O órgão de mamíferos de Corti é um mosaico altamente ordenada celular de cabelo e não-sensorial mecanosensorial células de suporte
(Revisto em 1,2). Visualização deste mosaico celulares freqüentemente requer que o órgão de Corti é transversa. Em particular, o pilar não-sensorial e células Deiters ', cujos núcleos estão localizados basally com relação às células ciliadas, não pode ser visualizada sem cross-seccionando o órgão de Corti. No entanto, a citoarquitetura delicada do órgão de Corti de mamíferos, incluindo os processos de multa citoplasmática do pilar e células Deiters ', é difícil de preservar pela rotina de procedimentos histológicos, tais como parafina e crio-seccionamento, que são compatíveis com as técnicas de coloração imuno-histoquímica.

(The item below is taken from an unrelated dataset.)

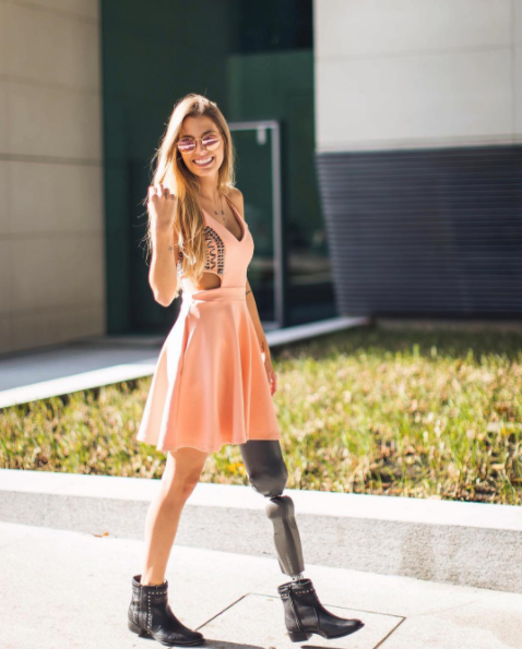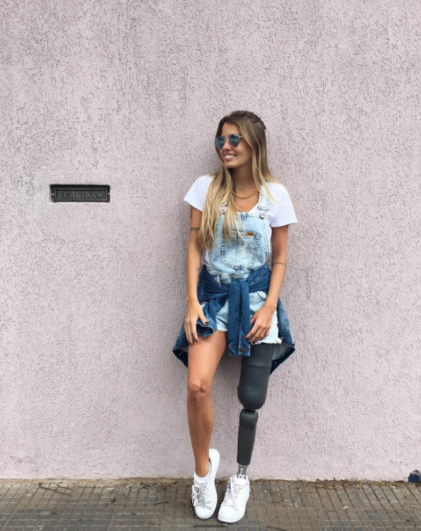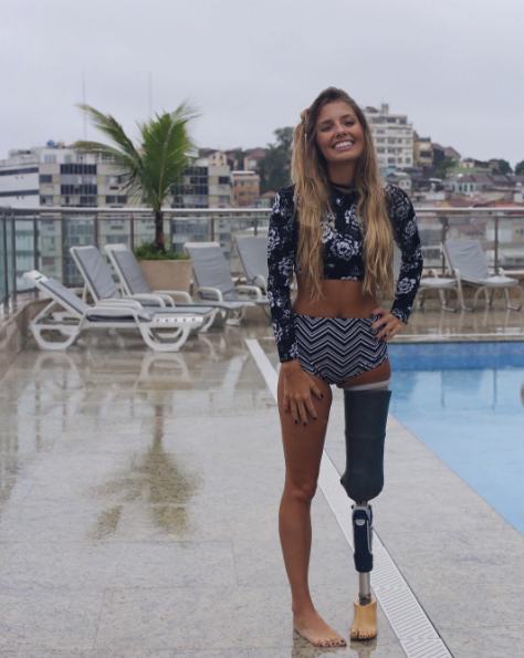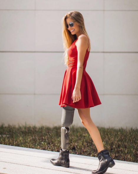 Pero eso no le impidió seguir con su carrera de modelaje, hoy por hoy la guapa brasileña muestra con orgullo la prótesis que le permite caminar y realizar todas las actividades que conlleva su carrera.
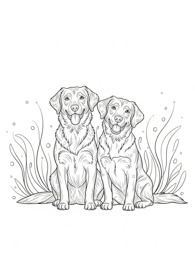 This coloring sheet perfectly captures the joyful spirit of two happy dogs likely best friends or siblings sitting side-by-side. Both pups who appear to be retrievers or similar breeds are smiling brightly with their tongues slightly out suggesting they are ready for a walk or a treat. The drawing style uses clean outlines for the main figures but incorporates whimsical swirls and subtle internal line patterns on their fur giving them an artistic flair without being overwhelming. They are framed by elegant tall blades of grass rendered with thin flowing lines that add movement and freshness to the composition.

Aqui eu descrevo um procedimento simples e robusta consistindo de vibratome seccionamento da cóclea, coloração imuno-histoquímica destas seções vibratome no monte todo, seguido por microscopia confocal. Este procedimento tem sido utilizado amplamente para a análise immunhistochemical de múltiplos órgãos, incluindo o broto de membro mouse, gut zebrafish, fígado, pâncreas e coração (ver 3-6 para exemplos seleccionados). Além disso, este procedimento foi bem sucedida para ambos imagem e quantitificaton do número de células em órgãos pilar mutante e controle de Corti em ambos os embriões e camundongos adultos 7. Este método, no entanto, atualmente não é amplamente usado para examinar o órgão de mamíferos de Corti. O potencial para este procedimento para tanto proporcionar a preservação do maior bem citoarquitetura do órgão de Corti e adultos permitem a quantificação de vários tipos celulares é descrito.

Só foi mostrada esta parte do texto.